Your objective -> Starting at the line that contains "随后以王靖怡同学为代表的法商" and stopping at the line that contains "ふと、家族全員が楽天モバイル", transcribe every line of the material below exactly; pictures stay out.

Recorded data ->
┄┄┄┄┄┄

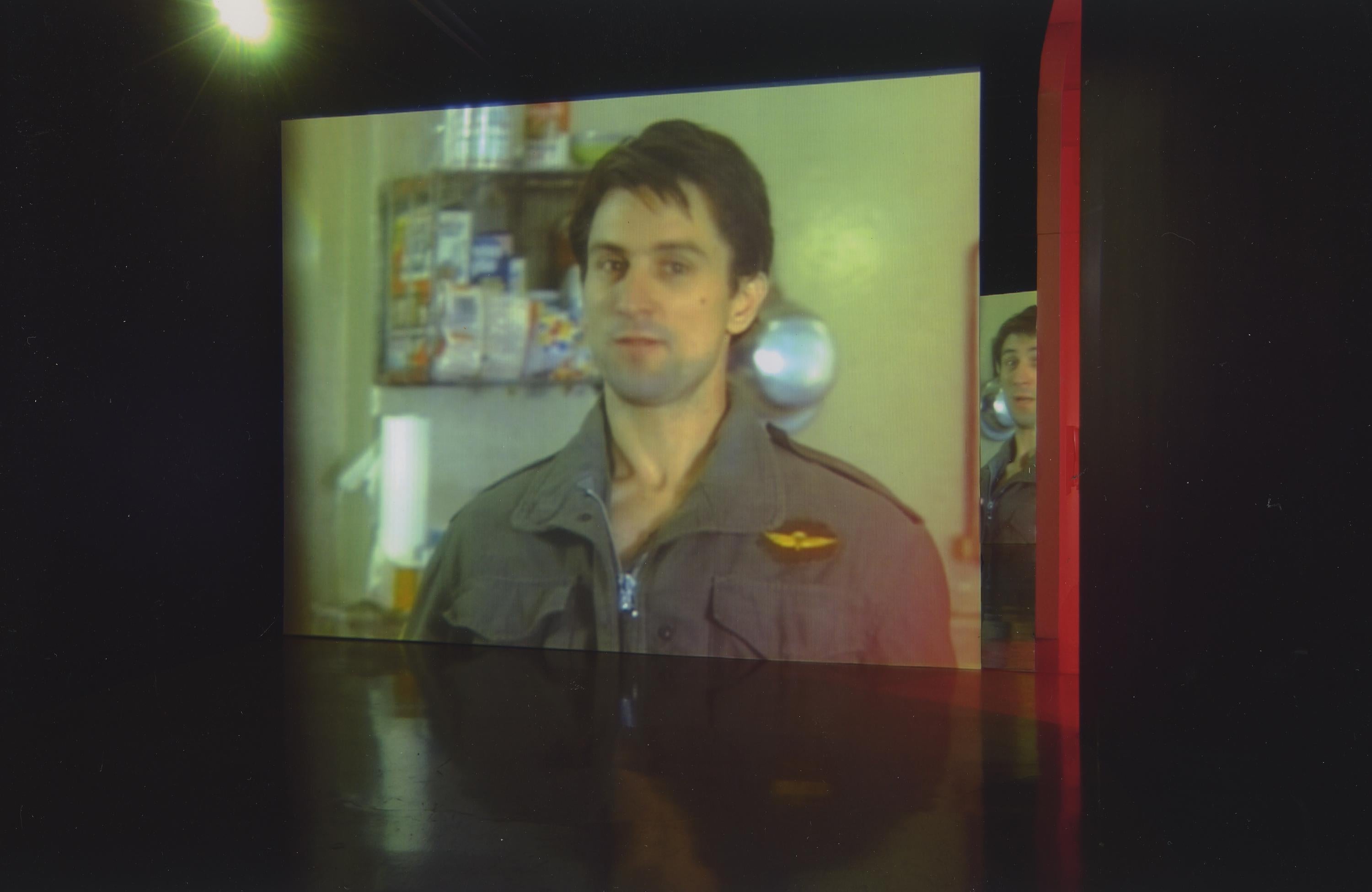 Douglas Gordon es un artista escocés cuya práctica ecléctica incluye obras en video, fotografía, texto y escultura. Es conocido por su uso de material encontrado, especialmente del cine de Hollywood, y su exploración de la memoria, la identidad, la dualidad y el tiempo. Por lo general, manipula el metraje de la película, alargando su duración o yuxtaponiendo imágenes para desafiar la comprensión común de las películas. En su obra Through a Looking Glass [A través de un espejo], 1999, Gordon extrae un monólogo de la película Taxi Driver de 1976 de Martin Scorsese, en la que el personaje principal se dirige a la cámara. Al proyectar la misma escena en dos pantallas reflejadas, los dos clips se desincronizan rápidamente, lo que crea un diálogo visual y sonoro frenético. Como un vuelco a las formas tradicionales de consumir cine, Gordon altera el sentido lineal de la narrativa y el tiempo de los espectadores.
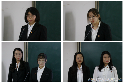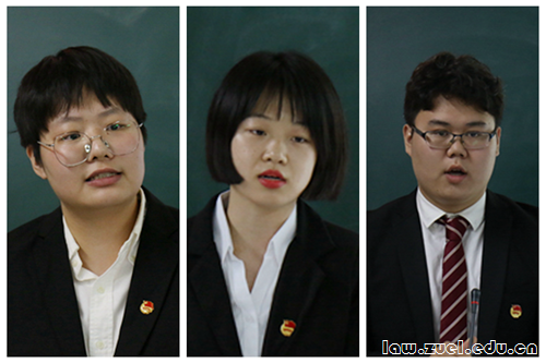 随后以王靖怡同学为代表的法商五剑客小分队立足于法学视角,思考疫情大背景下预付消费模式的诸多问题并提出应对策略,评委老师肯定其独特的问题意识和较强的学术修养,同时指出需进一步简化研究思路。刘秋月同学以南阳市淅川县为例,提出在后脱贫时代要以法律筑牢“返贫阻断防火墙”,巩固脱贫攻坚硕果,吕老师指出其分析问题的思路明确,但脱贫优化与法律制度之间的关联尚需更深入的探究。后一位答辩人刘鸿杰同学逻辑清晰、表述严谨,充分展现了他对《传染病防治法》背景下“医学观察”强制措施实施情况的法制思考。
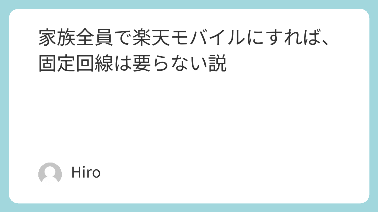 ふと、家族全員が楽天モバイルにして、必要に応じて各々がテザリングを活用すれば、固定回線はそもそも不要なのではないか、と思い至った。
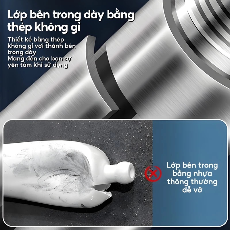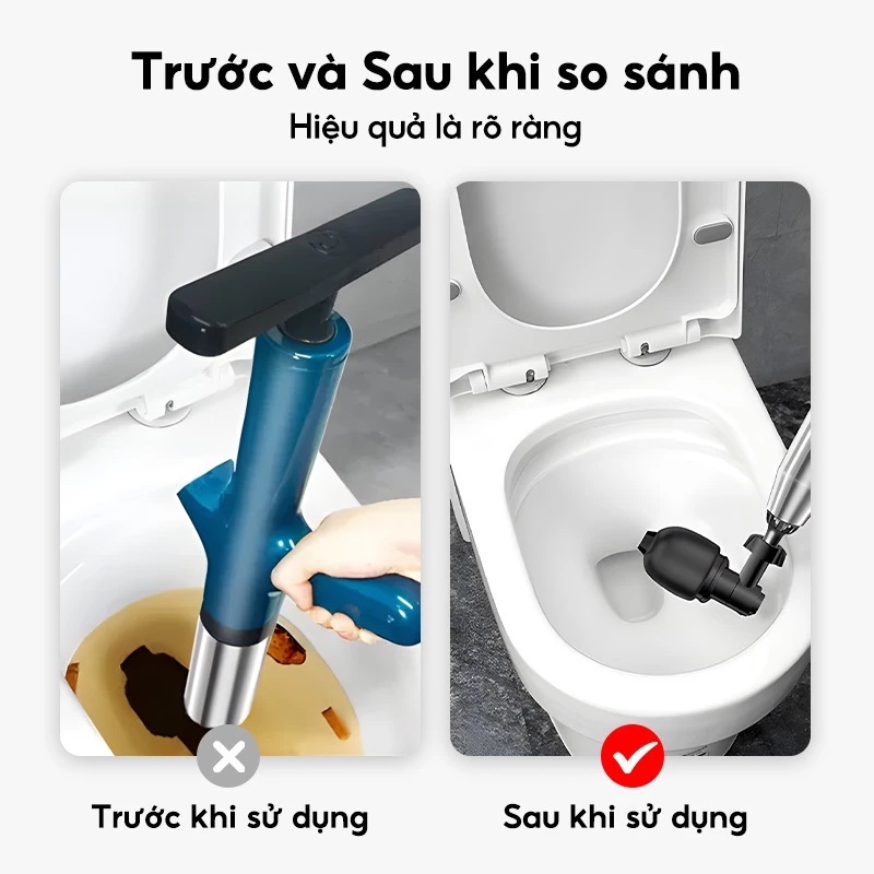 – Đây là một trong những dụng cụ thông tắc bồn cầu bằng khí nén thông minh, thiết bị này thông tắc dựa vào áp lực của không khí được nén bên trong ống, sau đó chỉ cần kích hoạt công tắc xả là lượng hơi sẻ được giải phóng ra với áp suất cực mạnh khi đó chất thải sẻ được tống đi.

┄┄┄┄┄┄

Exercise result ->
 随后以王靖怡同学为代表的法商五剑客小分队立足于法学视角,思考疫情大背景下预付消费模式的诸多问题并提出应对策略,评委老师肯定其独特的问题意识和较强的学术修养,同时指出需进一步简化研究思路。刘秋月同学以南阳市淅川县为例,提出在后脱贫时代要以法律筑牢“返贫阻断防火墙”,巩固脱贫攻坚硕果,吕老师指出其分析问题的思路明确,但脱贫优化与法律制度之间的关联尚需更深入的探究。后一位答辩人刘鸿杰同学逻辑清晰、表述严谨,充分展现了他对《传染病防治法》背景下“医学观察”强制措施实施情况的法制思考。
 ふと、家族全員が楽天モバイルにして、必要に応じて各々がテザリングを活用すれば、固定回線はそもそも不要なのではないか、と思い至った。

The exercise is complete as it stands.